INTRODUCTION: Our aim was to summarize the available literature on three yet unsolved questions, namely: 1) the dilemma surrounding definition of sarcopenic obesity (SO), especially in young adults; 2) the potential impact of this phenotype on weight-loss programme outcomes; and 3) the strategies for optimum management (prevention/treatment) of SO in clinical practice.

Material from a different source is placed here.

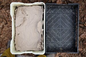 Jag gör den här sådden i en frigolitlåda och i en back med låga kanter.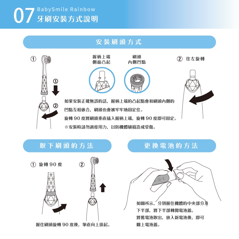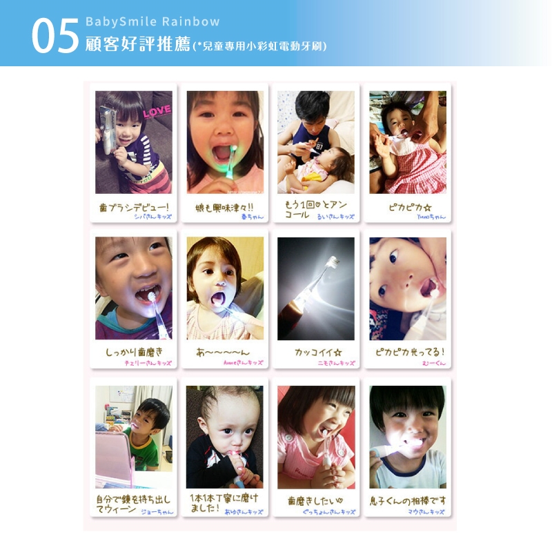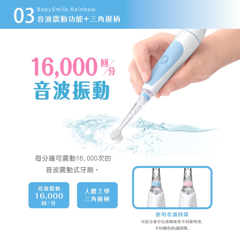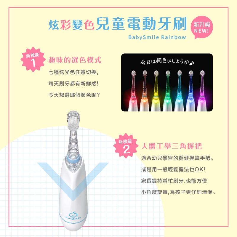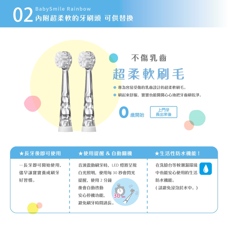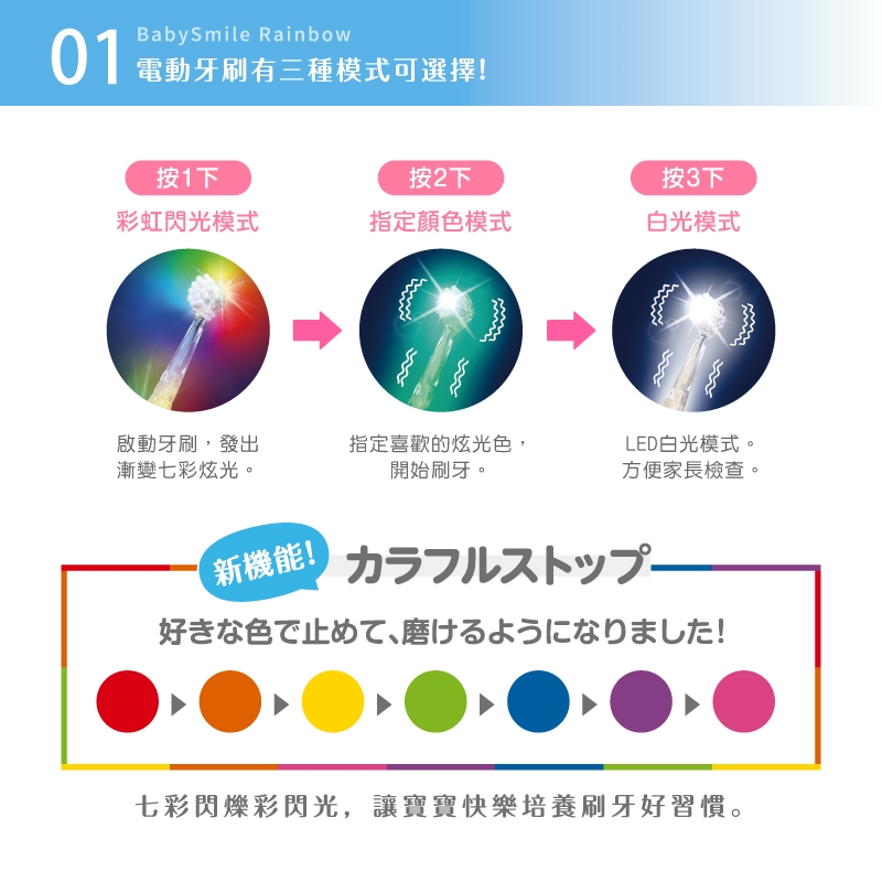 搭配七色彩虹閃光,讓寶寶開開心心地養成刷牙好習慣。

EVIDENCE ACQUISITION: A literature review using the PubMed/Medline database was conducted, and data were summarized based on a narrative approach.
EVIDENCE SYNTHESIS: Firstly, SO can be screened by the 30-sec sit-to-stand test; ≤25 and ≤21; and confirmed by the ratio of (appendicular lean mass/Body Mass Index) ≤0.789 and 0.512 in males and females, respectively. Secondly, SO is associated with impaired physical fitness, reduced resting energy expenditure and an inactive lifestyle, that seems to negatively impact on weight-management outcomes, namely increasing early dropout and difficulty in maintaining weight loss in the long term. Finally, prevention/treatment of SO in young adults must be realized through tailored lifestyle intervention (diet+exercise) to preserve and improve strength and muscle mass, even where weight loss is necessary.
CONCLUSIONS: Our findings have clinical implications since they may help in screening, managing and improving the weight-loss outcomes of patients with SO in clinical settings.